I hope that the Minister will listen to the sector when it says, “Let us hold those reviews when we need to, rather than telling us that we have to hold them, because if we are overwhelmed by people, we can’t do the job that you are asking us to do.” I do not disagree on the policy intent, but the context is different, and if we do not react to the context, all this good work, and all the legislation, will be for nothing, because there will not be appointments. There will be a negative relationship between debt advisers and the people whom they are trying to help, which will affect whether people listen to what advisers are saying; debts will continue to rise; creditors will go unpaid; and for people, the breathing space will feel like holding their breath, rather than coming up for air.
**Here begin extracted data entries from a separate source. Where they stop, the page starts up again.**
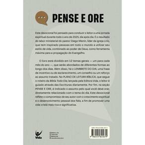 Pense e ore irá conduzi-lo a uma jornada espiritual durante todo o ano. Por meio da meditação diária na Palavra, você alcançará um novo nível de intimidade em seu relacionamento com o Senhor, e será surpreendido pelo agir de Deus em sua vida.O livro está dividido em 12 temas gerais, um para cada mês do ano. Além disso, em cada dia, você encontrará três seções importantes: o LEMBRETE DO DIA, com uma frase de incentivo, aconselhamento ou um reforço ao assunto tratado; o PLANO DE LEITURA BÍBLICA, que guiará você através das Escrituras; e a seção PENSE E ORE, que indica o tópico do dia pelo qual orar. Através desta obra cuidadosamente elaborada, você será capaz de desenvolver o seu caráter e crescer espiritualmente, a fim de desfrutar um ano de aprendizado e comunhão íntima com o Pai.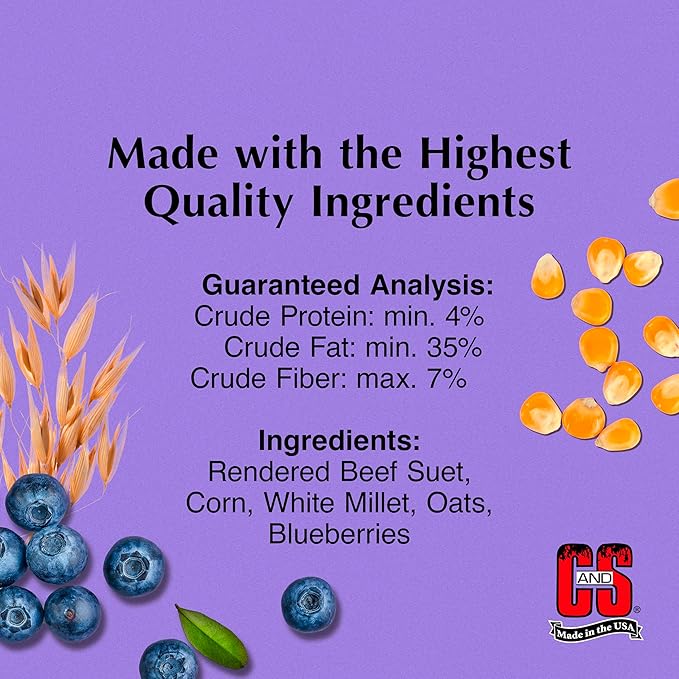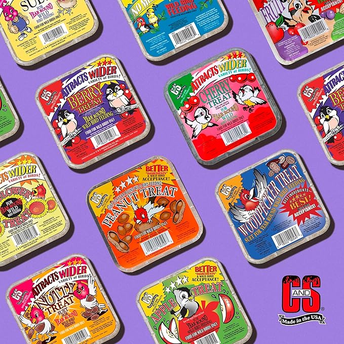 C&S Berry Suet Treat, Wild Bird Food for Robins, Blue Jays, Bluebirds, Tanagers, Thrushes and More, 8 Pack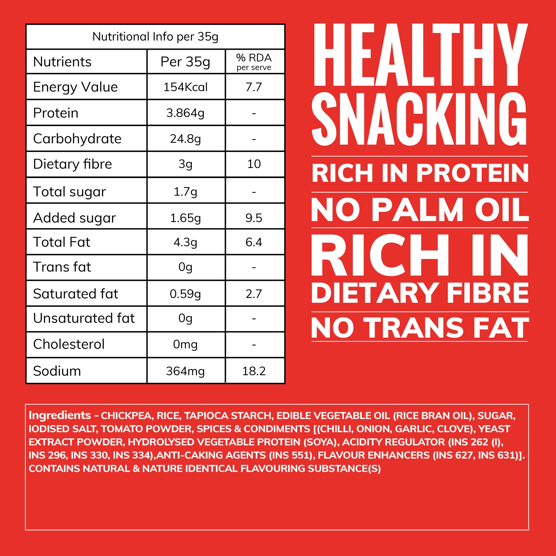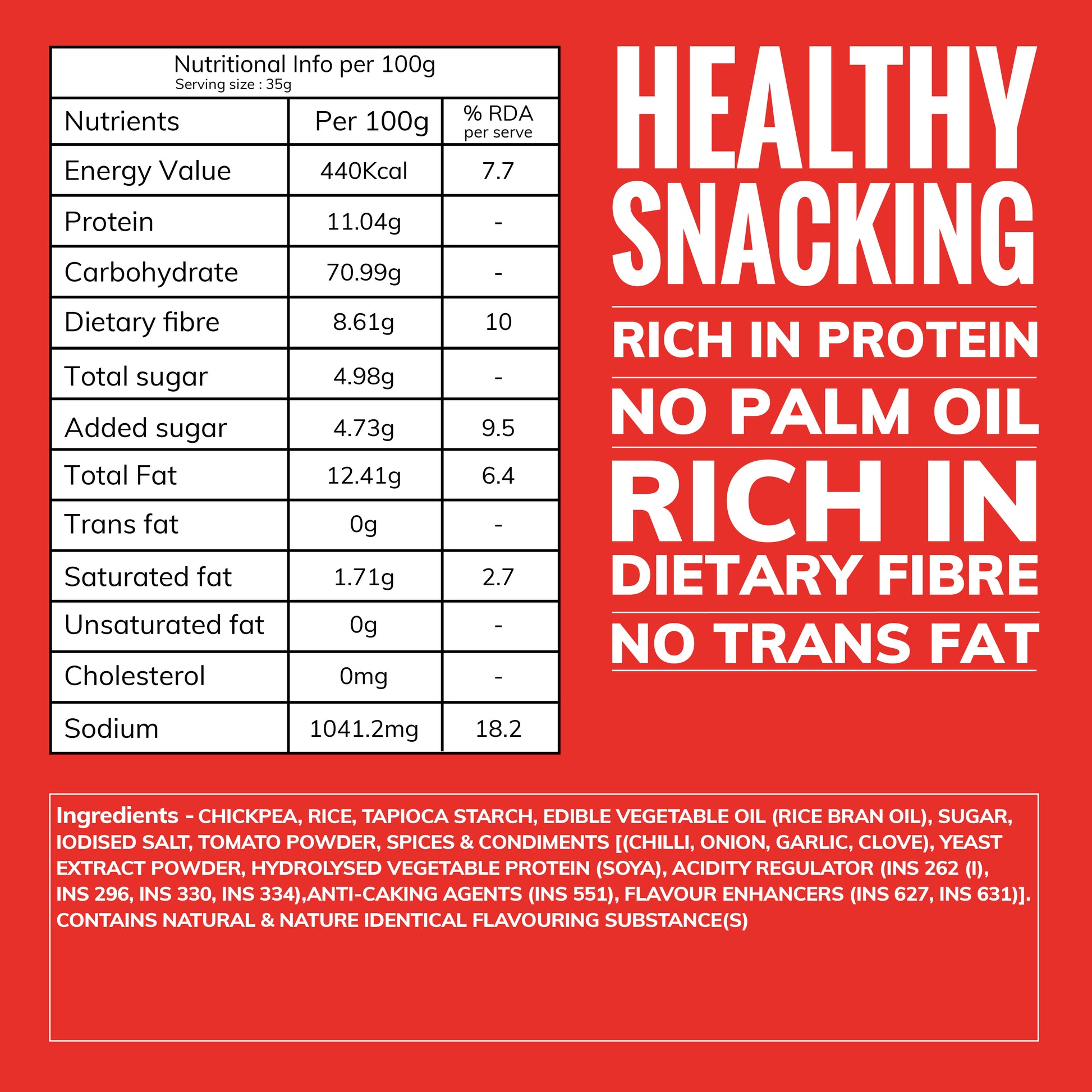 Chickpeas, Rice, Tapioca Starch, Edible Vegetable Oil (Rice Bran Oil)l, Sugar, Iodised Salt, Tomato Powder, Spices & Condiments (Chilli, Onion, Garlic, Clove), Yeast Extract Powder, Hydrolysed Vegetable Protein (Soya Based), Acidity Regulator (INS 262 (i), INS 296, INS 330, INS 334), Natural & Nature Identical Flavouring Substances, Anti-caking agents (INS 551), Flavour Enhancers (INS 627, INS 631).

We should recognise the professionalism, expertise and qualifications of those giving debt advice to our constituents, and not try to put a provision in the Bill that prejudges what they do. Speaking from experience, they have worked incredibly well, over time, with my constituents, so I question whether the midway review is necessary.

Let me give a case from my constituency. A woman came to my office very upset, very much in the way that the hon. Member for Walthamstow described, because she was being evicted the next day. We had to swing into action and try to find ways around that, and spoke to the Glasgow Housing Association. It did take time to make that happen, but the GHA sat down with her, went through all her bills and outgoings and worked with her intensively over a period, to make sure it would get the rent money and that the other debts she had, that were also causing her problems, were taken care of.

I was struck by the professionalism of the GHA advisers and by the fact that they were experienced and were tough but compassionate with the woman. They made sure she could see a way through. If people see an arbitrary cut-off point halfway through, that will give them fear, not reassurance. There is a risk that the respite will be removed from people who are supposed to be helped by the midway review, if it is put at an arbitrary halfway point. The Minister should consider whether that is really the outcome that he wants to achieve. Yes, there should be some kind of review mechanism, but my experience is that it is done all the way through the process. There is no need for the midway review, because reviewing is already happening.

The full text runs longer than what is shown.